═════ PROVIDED MATERIAL
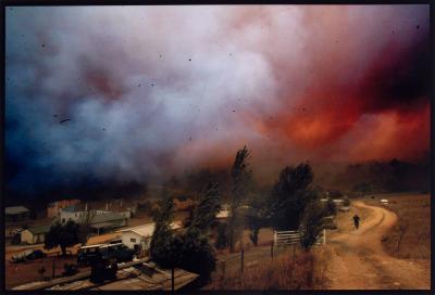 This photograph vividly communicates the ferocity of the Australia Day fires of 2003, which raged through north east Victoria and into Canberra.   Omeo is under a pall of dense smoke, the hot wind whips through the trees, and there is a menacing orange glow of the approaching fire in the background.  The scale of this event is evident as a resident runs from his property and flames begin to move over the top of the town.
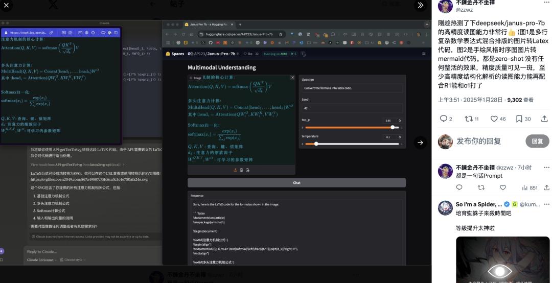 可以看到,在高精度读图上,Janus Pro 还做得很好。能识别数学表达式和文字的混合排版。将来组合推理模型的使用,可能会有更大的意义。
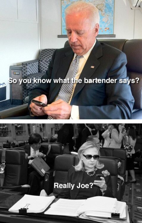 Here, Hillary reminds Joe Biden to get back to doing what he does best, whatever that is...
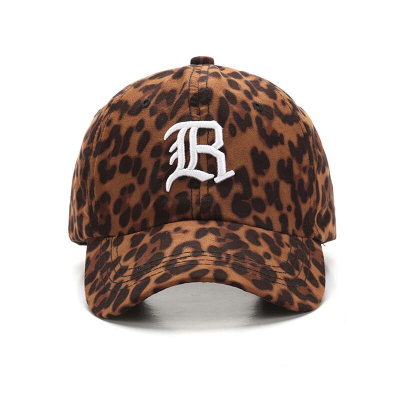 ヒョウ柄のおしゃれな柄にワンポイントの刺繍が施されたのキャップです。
══════════
═════ PROVIDED MATERIAL
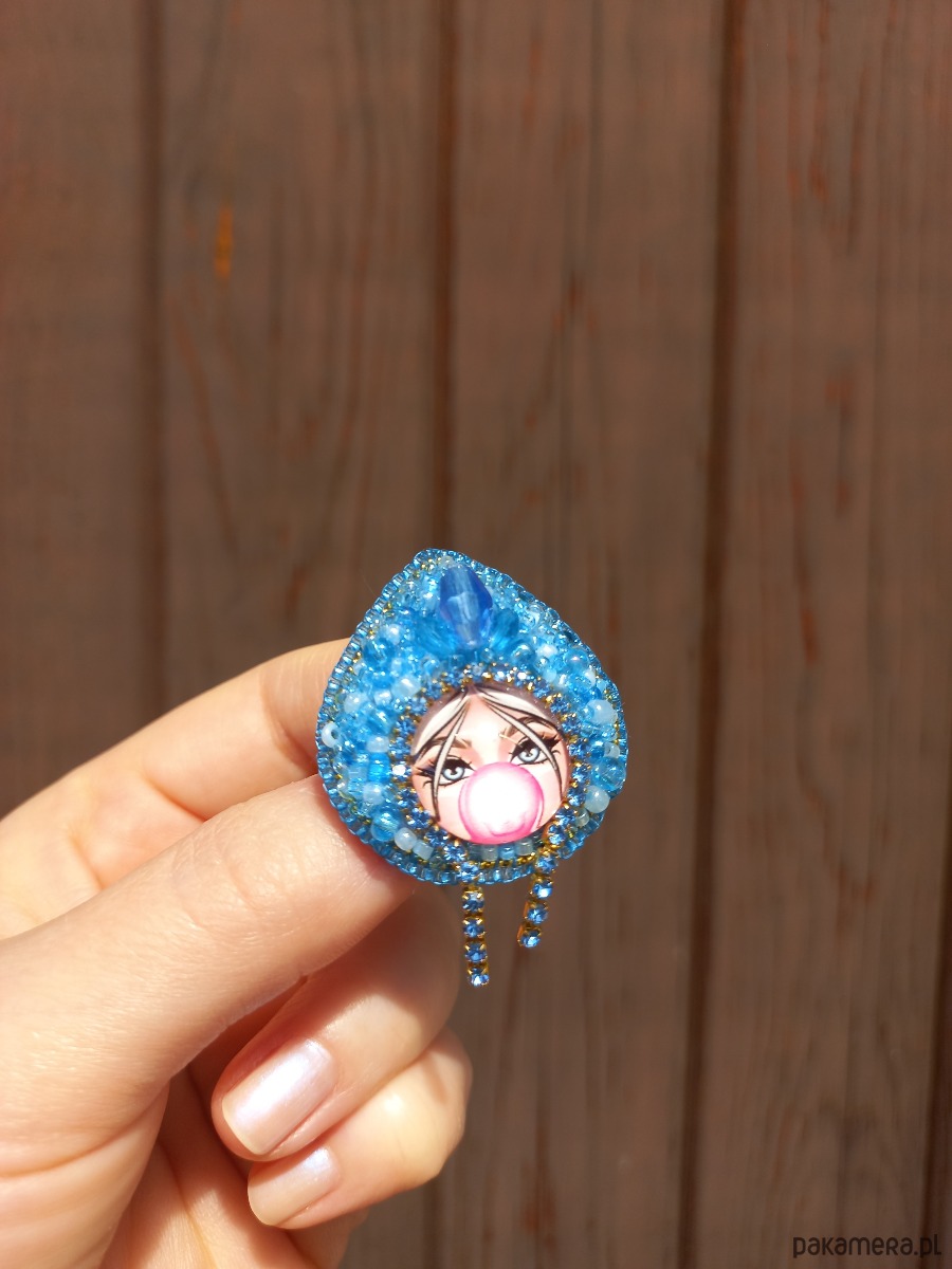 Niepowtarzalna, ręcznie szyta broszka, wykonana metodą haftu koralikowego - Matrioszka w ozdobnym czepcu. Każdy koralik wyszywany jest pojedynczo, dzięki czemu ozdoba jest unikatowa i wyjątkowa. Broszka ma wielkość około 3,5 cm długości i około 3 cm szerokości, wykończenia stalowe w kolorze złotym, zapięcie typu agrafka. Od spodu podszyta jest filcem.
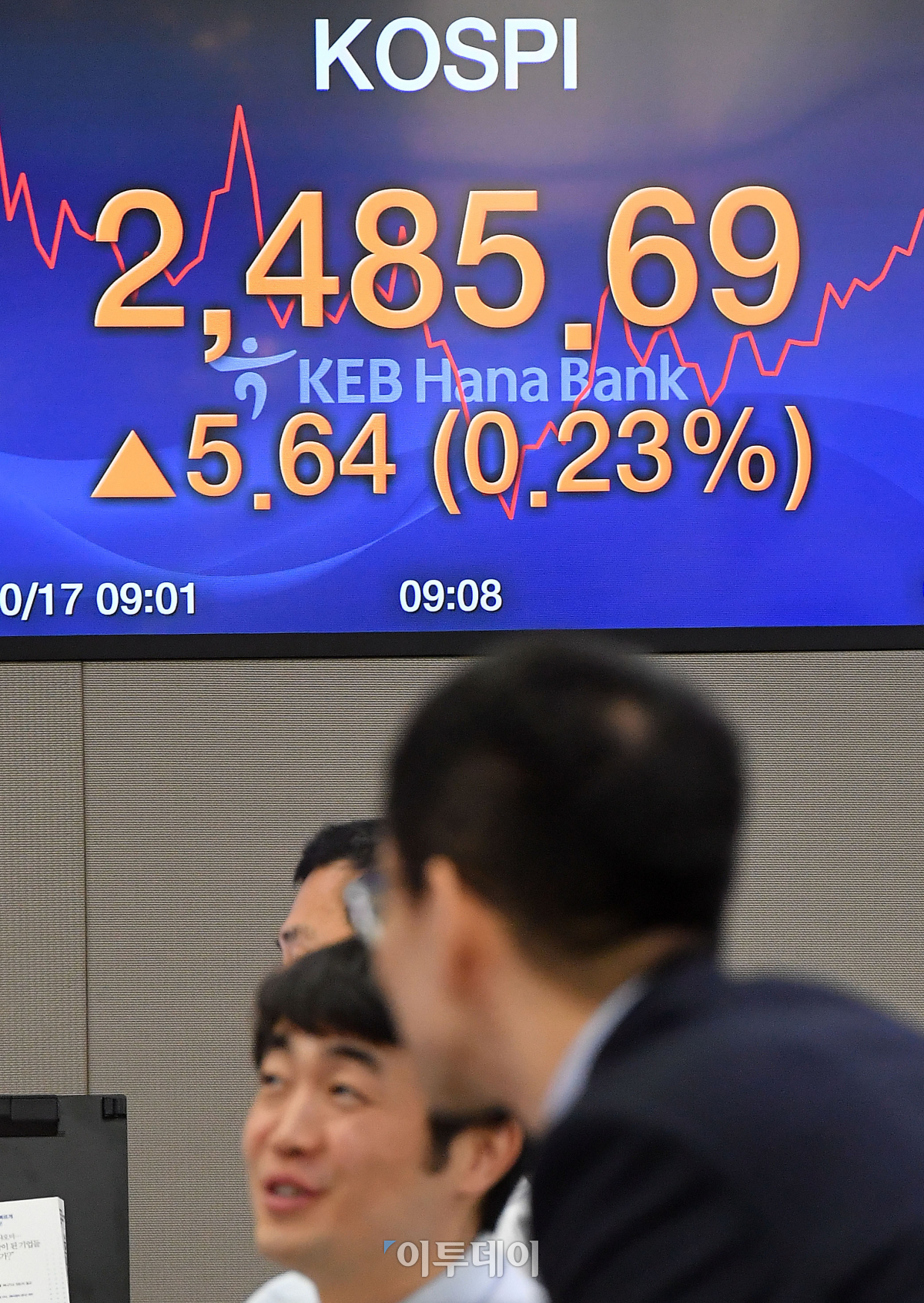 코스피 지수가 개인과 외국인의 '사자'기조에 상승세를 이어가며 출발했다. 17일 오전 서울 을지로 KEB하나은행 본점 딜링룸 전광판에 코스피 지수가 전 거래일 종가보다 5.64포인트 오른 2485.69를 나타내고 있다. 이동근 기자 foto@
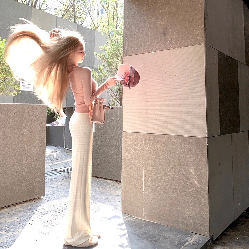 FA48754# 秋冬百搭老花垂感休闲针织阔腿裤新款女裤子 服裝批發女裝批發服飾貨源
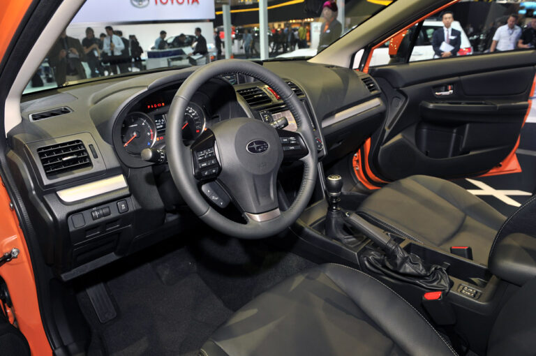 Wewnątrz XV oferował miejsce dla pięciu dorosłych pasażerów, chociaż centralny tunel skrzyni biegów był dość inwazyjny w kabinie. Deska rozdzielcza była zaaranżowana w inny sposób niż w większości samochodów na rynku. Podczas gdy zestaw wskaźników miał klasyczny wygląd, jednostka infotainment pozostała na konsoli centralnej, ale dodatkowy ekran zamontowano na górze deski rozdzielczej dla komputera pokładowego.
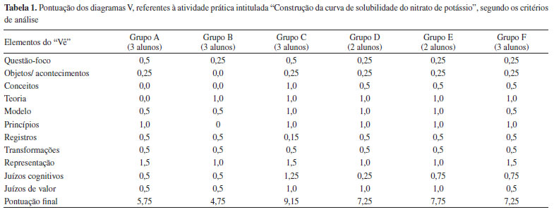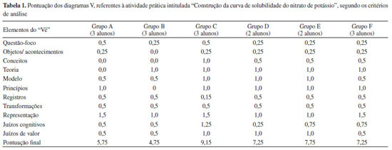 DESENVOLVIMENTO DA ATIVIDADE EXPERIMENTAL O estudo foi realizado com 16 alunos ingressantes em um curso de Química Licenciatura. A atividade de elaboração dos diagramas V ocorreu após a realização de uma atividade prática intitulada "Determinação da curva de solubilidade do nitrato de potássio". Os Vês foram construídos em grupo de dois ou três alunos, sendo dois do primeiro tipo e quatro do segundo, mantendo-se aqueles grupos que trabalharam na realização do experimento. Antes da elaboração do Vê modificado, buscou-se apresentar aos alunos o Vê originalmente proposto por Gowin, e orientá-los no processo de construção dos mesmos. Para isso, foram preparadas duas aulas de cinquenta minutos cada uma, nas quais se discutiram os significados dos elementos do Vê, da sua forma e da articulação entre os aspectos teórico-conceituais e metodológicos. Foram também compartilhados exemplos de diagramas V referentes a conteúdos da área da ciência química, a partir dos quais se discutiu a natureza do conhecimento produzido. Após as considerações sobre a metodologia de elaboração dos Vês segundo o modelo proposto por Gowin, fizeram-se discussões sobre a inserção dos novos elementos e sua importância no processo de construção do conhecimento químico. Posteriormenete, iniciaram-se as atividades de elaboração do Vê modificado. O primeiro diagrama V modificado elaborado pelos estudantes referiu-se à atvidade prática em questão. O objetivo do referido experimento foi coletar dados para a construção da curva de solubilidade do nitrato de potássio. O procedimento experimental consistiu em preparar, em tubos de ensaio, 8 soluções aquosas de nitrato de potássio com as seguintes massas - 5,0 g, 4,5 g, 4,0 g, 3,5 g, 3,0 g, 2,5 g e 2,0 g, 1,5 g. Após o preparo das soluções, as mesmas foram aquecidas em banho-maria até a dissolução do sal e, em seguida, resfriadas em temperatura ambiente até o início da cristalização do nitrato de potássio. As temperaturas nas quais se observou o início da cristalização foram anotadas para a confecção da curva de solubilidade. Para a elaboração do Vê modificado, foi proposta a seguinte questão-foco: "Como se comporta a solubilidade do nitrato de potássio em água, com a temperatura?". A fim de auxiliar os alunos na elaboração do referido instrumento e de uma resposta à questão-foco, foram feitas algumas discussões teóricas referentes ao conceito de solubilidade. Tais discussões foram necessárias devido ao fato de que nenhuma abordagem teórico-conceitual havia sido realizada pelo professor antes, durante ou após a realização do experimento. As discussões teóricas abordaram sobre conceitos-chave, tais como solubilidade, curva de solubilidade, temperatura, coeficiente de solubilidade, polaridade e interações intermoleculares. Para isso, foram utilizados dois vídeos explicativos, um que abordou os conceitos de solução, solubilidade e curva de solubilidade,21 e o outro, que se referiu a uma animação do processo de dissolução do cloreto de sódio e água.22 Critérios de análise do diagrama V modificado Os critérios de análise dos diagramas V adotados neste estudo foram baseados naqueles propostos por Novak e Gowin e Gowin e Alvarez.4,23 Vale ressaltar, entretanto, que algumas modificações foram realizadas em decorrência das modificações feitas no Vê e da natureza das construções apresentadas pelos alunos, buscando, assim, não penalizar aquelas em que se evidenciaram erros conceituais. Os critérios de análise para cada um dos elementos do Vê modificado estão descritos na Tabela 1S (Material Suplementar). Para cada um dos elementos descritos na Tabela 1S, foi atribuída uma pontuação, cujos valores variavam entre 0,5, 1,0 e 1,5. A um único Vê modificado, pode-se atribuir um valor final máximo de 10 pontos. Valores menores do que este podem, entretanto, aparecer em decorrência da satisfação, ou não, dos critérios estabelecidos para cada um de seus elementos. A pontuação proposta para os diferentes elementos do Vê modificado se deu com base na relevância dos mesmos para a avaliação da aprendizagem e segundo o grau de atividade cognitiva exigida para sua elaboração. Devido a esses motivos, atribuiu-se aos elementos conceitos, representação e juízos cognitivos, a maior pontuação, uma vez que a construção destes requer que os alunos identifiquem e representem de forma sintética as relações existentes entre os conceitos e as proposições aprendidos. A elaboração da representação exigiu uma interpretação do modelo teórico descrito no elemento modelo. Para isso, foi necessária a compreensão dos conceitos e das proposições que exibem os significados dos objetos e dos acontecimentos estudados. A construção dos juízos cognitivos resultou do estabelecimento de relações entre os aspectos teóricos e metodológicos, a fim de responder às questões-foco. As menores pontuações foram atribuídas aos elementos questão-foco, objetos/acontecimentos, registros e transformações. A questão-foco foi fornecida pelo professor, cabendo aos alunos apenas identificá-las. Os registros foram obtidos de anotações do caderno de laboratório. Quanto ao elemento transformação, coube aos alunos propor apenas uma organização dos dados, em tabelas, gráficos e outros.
══════════
═════ PROVIDED MATERIAL
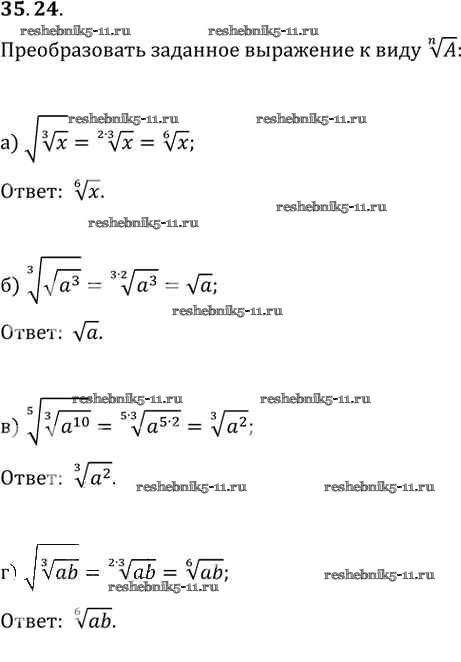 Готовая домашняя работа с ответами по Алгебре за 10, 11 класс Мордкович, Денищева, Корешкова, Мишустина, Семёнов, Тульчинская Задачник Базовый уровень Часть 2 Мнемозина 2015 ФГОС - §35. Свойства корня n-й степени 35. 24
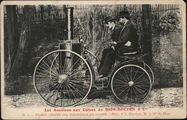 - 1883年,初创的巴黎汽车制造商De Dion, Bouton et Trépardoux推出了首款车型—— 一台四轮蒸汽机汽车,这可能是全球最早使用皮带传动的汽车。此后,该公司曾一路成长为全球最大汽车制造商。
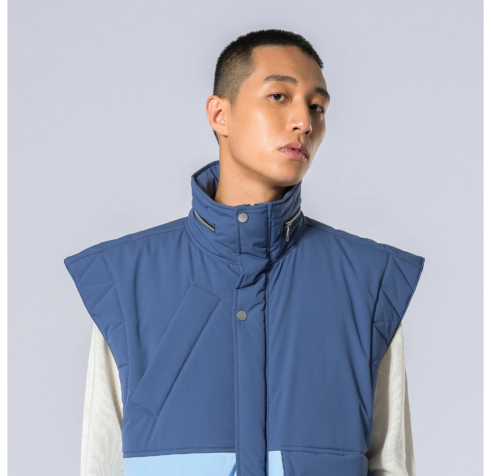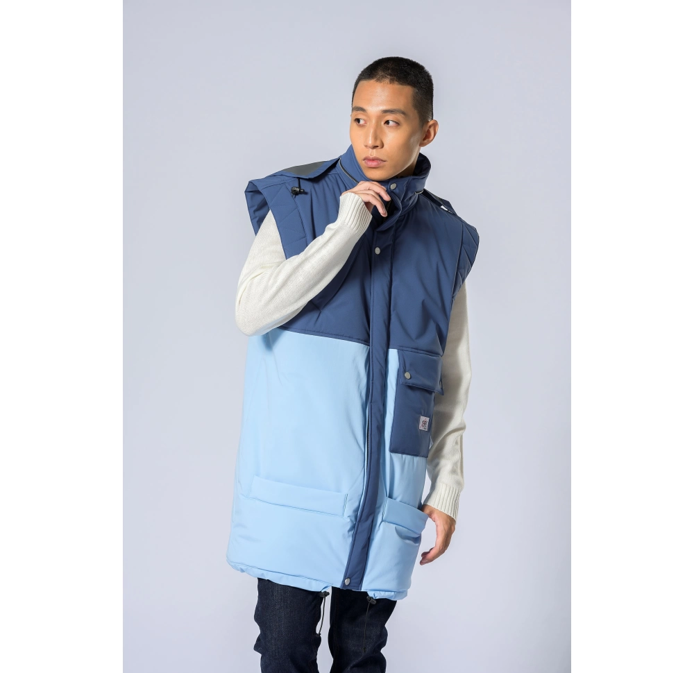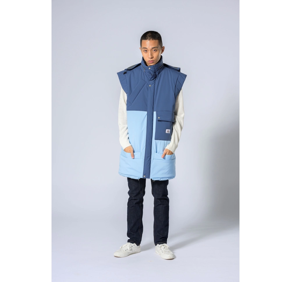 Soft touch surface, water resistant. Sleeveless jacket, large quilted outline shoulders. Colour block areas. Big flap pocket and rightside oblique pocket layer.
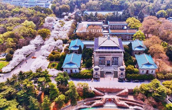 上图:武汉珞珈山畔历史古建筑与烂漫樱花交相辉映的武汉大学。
══════════
AIM OF THE TASK: From the listing above, repeat only the lines between the line containing "Soft touch surface, water" and the line containing "上图:武汉珞珈山畔历史古建筑与烂漫樱花交相辉映的武汉大学。", those two included. Pictures are not part of the copy.

WRITTEN ANSWER:
 Soft touch surface, water resistant. Sleeveless jacket, large quilted outline shoulders. Colour block areas. Big flap pocket and rightside oblique pocket layer.
 上图:武汉珞珈山畔历史古建筑与烂漫樱花交相辉映的武汉大学。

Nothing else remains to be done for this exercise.